Question

How to combine a run with quality paired sequences and a run with only quality forward reads

0

Entering edit mode

9.2 years ago

Yongjie Zhang ▴ 110

Dear All,

I have a question on analyzing amplicon Miseq sequencing data and hope to have your suggestion.

Specifically, I have 100 samples but are Miseq sequenced in two separate runs. In the first run including the first 50 samples, I have sufficient paired sequences from both forward and reverse reads. In the second run including other 50 samples (five samples are also included in the first run and are repeatedly sequenced), I only have sufficient forward reads, but the sequencing quality of reverse reads is too bad to use. My question is what's the best practice between 1) using paired sequences from the first run and forward reads from the second run, and 2) using forward reads from both the first run and the second run? I have tried the first practice and found the same five samples that are repeatedly sequenced in the two separate runs did not group by samples but rather by runs in PCoA analysis. I also detected significant beta-community difference between the two separate sequencing of the five samples.

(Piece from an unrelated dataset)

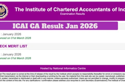 ICAI CA परिणाम जनवरी 2026: भारतीय चार्टर्ड अकाउंटेंट्स संस्थान (ICAI) चार्टर्ड अकाउंटेंट…
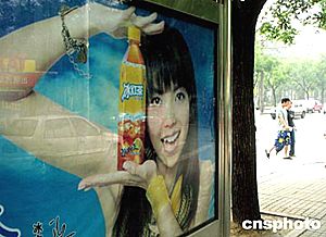 周日的北京街頭,由臺灣藝人張惠妹擔(dān)任形象代言人的某品牌飲料廣告牌依然醒目。中新社記者:賈國榮

Please let me know if you have any comments or suggestions. Thanks in advance.

Best wishes,

Yongjie ZHANG

Amplicon Miseq • 2.2k views

ADD COMMENT • link updated 24 months ago by Ram 43k • written 9.2 years ago by Yongjie Zhang ▴ 110

1

Entering edit mode

How many bases did you read from each side?

What organism?

What are your going to do with the reads?

ADD REPLY • link 9.2 years ago by Asaf 10k

score 0 · Answer 1 · 2015-02-24

I guess an outstanding question is why the quality is poor on the second reads. If the quality and/or accuracy also suffered on the first reads, but to a lesser extent perhaps, then you would expect to see some differences when clustered. Have you performed appropriate cleaning/trimming before doing anything else?

If the reads are indeed good and accurate, I would have no problem treating them as unpaired for mapping the same way that I would include reads where one mate failed cleaning as unpaired. I'd use all the data available to me. There is no reason to throw out the additional information from the reverse reads unless you were really worried about differential coverage among your datasets. In this case, you could subsample to the same approximate coverage to mitigate bias.